Legislation will Significantly Increase Due Diligence Requirements on Correspondent Accounts

by Jeremy Paner

Recent Congressional action indicates that the Hizballah International Financing Prevention Amendments Act of 2017 is soon likely to become law.  The sanctions authorities under this Act are redundant of existing designation criteria.  However, largely unnoticed enhanced due diligence requirements will pose a significant burden on most large U.S. financial institutions.

Section 203 of the Act (Modification of Report on Activities of Foreign Governments to Disrupt Activities of Hizballah; Reports on Membership in Hizballah) will impose enhanced due diligence requirements on correspondent or payable-through accounts held for foreign financial institutions determined to provide financial services to persons operating in jurisdictions hospitable to Hizballah outside of Lebanon.  The imposition of the enhanced due diligence requirements will require two determinations by the U.S. Department of the Treasury, presumably by the Financial Crimes Enforcement Network.
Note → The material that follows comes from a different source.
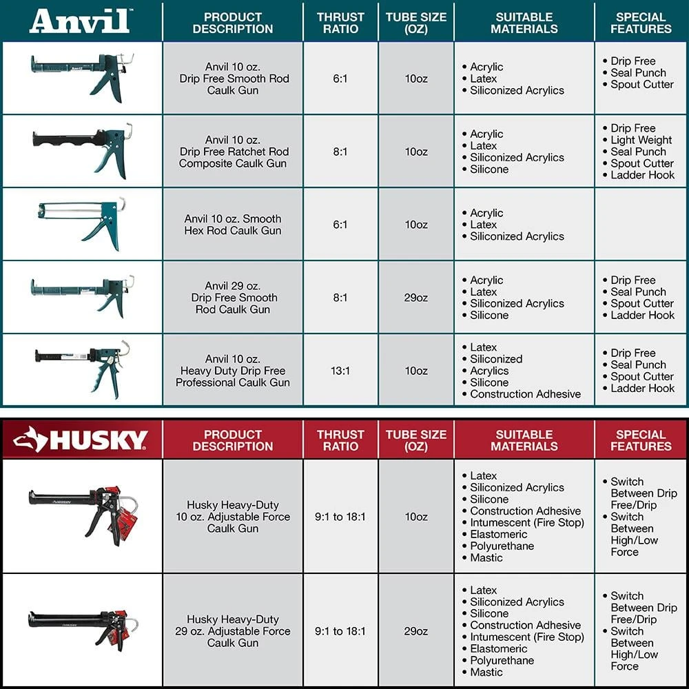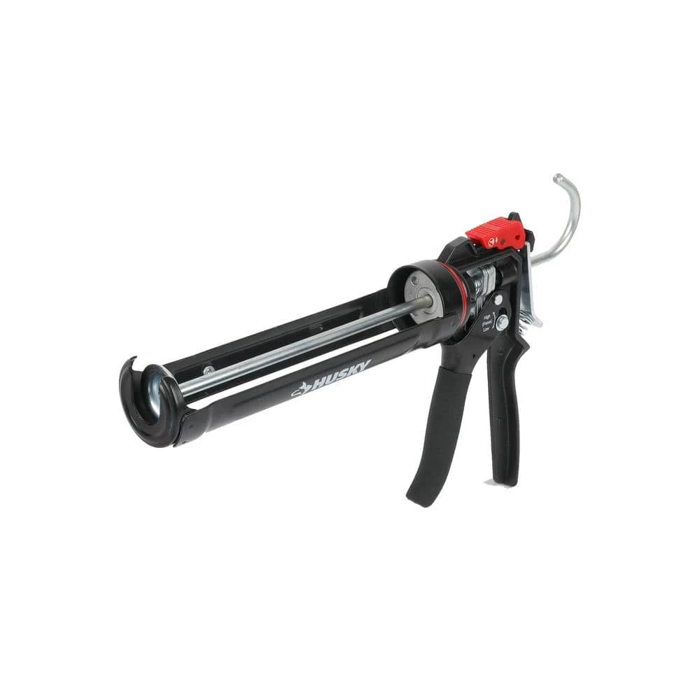 The Husky heavy-duty high-leverage caulk gun is designed to hold standard size 10 oz. tubes. It has a switch between drip and drip free for desired application and features an adjustable thrust ratio of 9:1 and 18:1 to make applying any caulk, construction adhesive, or sealant effortless. The rotatable barrel makes for easy application around corners and edges while the padded cushion-grip trigger provides added comfort. The rounded skeleton frame helps ensure quick cartridge loading and removal. A convenient seal punch tool located near the trigger is used to break the inner seal of your tube. This caulk gun is perfect any job and is backed by Husky’s lifetime warranty.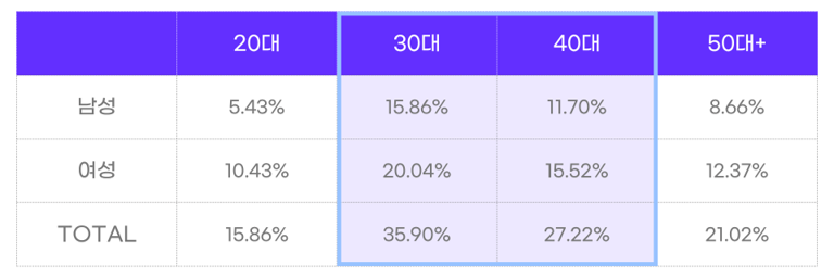 이 데이터를 단순히 연령과 성별로만 보면 30대 여성의 관심이 높다고 볼 수 있지만, 맥락을 조금 더 들여다보면 집안일의 부담을 본격적으로 체감하는 생활 단계와 맞물려 있다는 해석이 가능합니다.

First, the government will determine which jurisdictions outside of Lebanon are hospitable to Hizballah.[1]  Next, the government will determine which foreign financial institutions provide significant financial services to persons operating in those jurisdictions.  U.S. financial institutions would then be required to establish enhanced due diligence policies, procedures, and controls on accounts held for those foreign financial institutions.

The U.S. Department of the Treasury has consistently taken action over the past decade reflecting its position that Syria and Venezuela are welcoming to Hizballah.  Those jurisdictions are therefore the most likely to be identified under the Act, and foreign financial institutions that provide significant financial services to anyone operating in those jurisdictions will trigger the enhanced due diligence requirements.

Consider the following example.  A large, international Dutch bank provides significant financial services to a Venezuelan entity that are neither prohibited/restricted nor sanctionable under U.S. law.  U.S. banks would be required to establish enhanced due diligence policies, procedures, and controls on the accounts it holds for the Dutch bank.

We will continue to monitor developments in legislation effecting anti-money laundering controls and publish updates as significant developments arise.


[1] The Act limits the jurisdictions to those “outside of Lebanon that expressly consent to, or with knowledge allow, the use of their territory by Hizballah to carry out terrorist activities, including training, financing, and recruitment.” Sec. 203 (F).